Knives Out twists, turns and is full of secrets and lies as Getintothis’ Vikki Gregorich discovers.
Rian Johnson, the writer and director of Knives Out, is perhaps better known for his work on Star Wars: The Last Jedi.
Knives Out could not be more different than The Last Jedi, but when you consider his previous three films, Brick (2005), The Brother Bloom (2008) and Looper (2012), it’s evident that he’s someone who is unpredictable.
The whodunit focuses on the mysterious death of wealthy crime author and patriarch of the Thrombey family, Harlan (Christopher Plummer), on his 85th birthday.
The big sell is the starry ensemble cast playing the Thrombeys, all of whom have a motive to murder Harlan.
These include Jamie Lee Curtis, Chris Evans and Toni Collette, all stretching their comedy chops.
Playing against type are Don Johnson & Michael Shannon, and younger stars like Katherine Langford and Jaeden Martell hold their own against the bigger names.
These roles, however, feel like cameos.
The main story arc hinges on the relationship between Benoit and the home help Marta Cabrera (Ana de Armas).

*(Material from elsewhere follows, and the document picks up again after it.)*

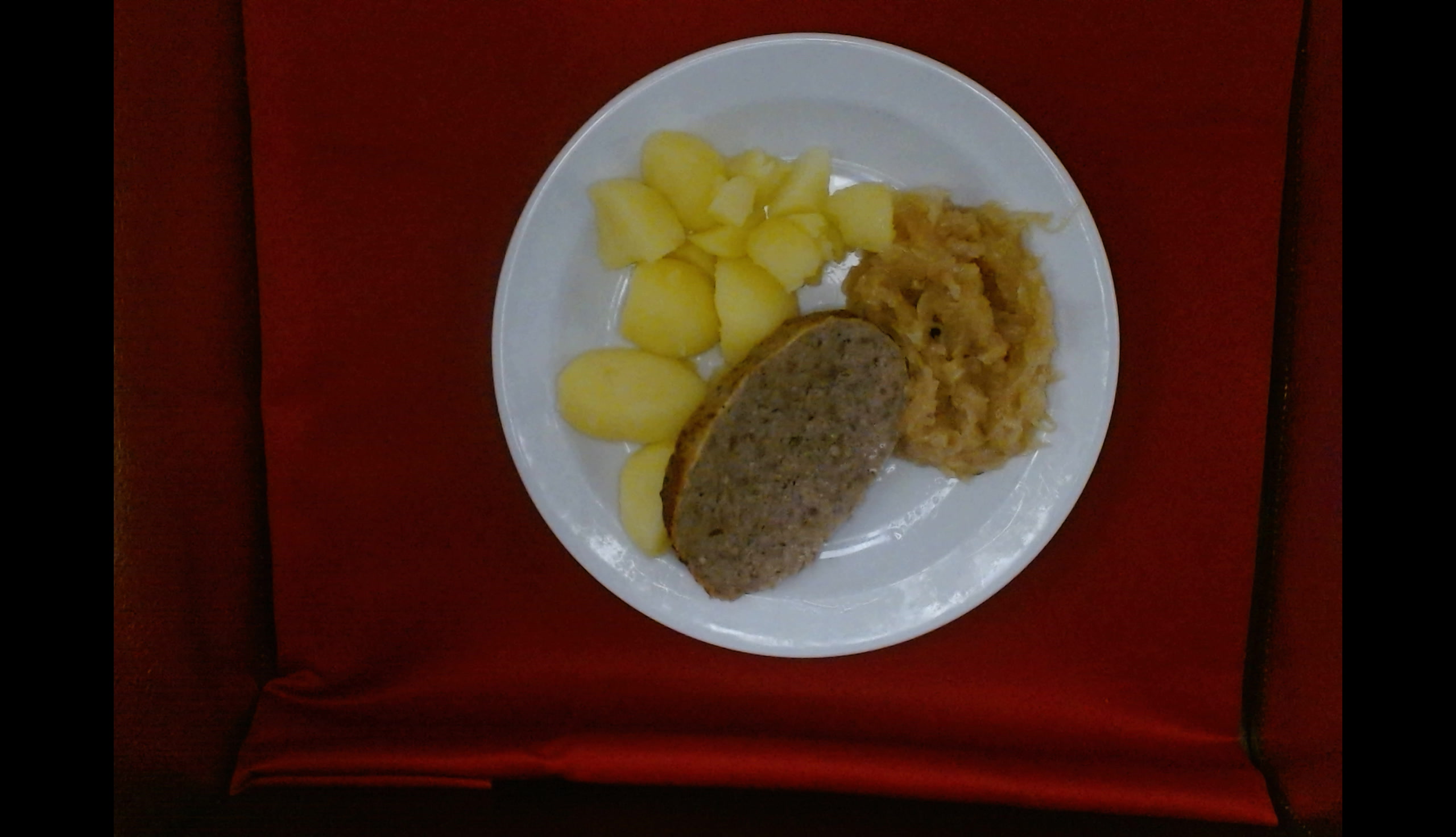 Sekaná pečeně, vařené brambory, dušené kysané zelí

This is because she has an unusual personal problem, she vomits when she lies, and Benoit uses this to detect the lies of the family.

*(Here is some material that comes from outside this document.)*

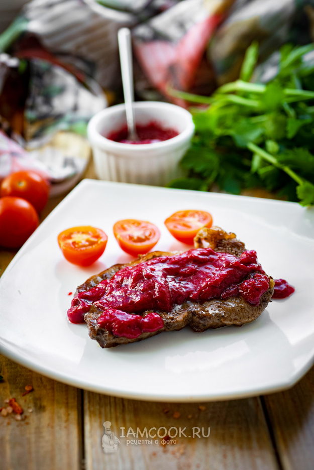 На порционную тарелку выкладываем стейк, поверх выкладываем обильно вишневый соус. Подаем говядину в вишневом соусе к столу. Приятного аппетита!
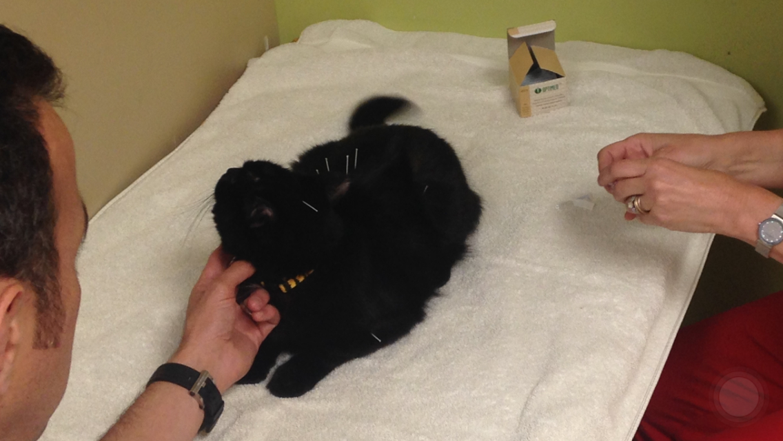 Une fois par mois, Marie et Rodolphe Coiscaud amènent leur chat de sept ans à une séance d’acupuncture. Les aiguilles sont placées une quinzaine de minutes sur le dos, le cou et une partie de la tête de Shiloh. Le traitement, jumelé à des mélanges d’herbes médicinales, a réussi à soulager les maux du félin.

The rest of the film is twists and turns, secrets and lies, action and intrigue, and it’s funny; the cinema audience laughed out loud a lot, giving the performance a jolly tonal boost.
Knives Out feels like a palate cleanser for Rian Johnson, albeit with a clear love for the genre.
It’s slick, it’s funny, but the story isn’t quite clever enough to make it a classic.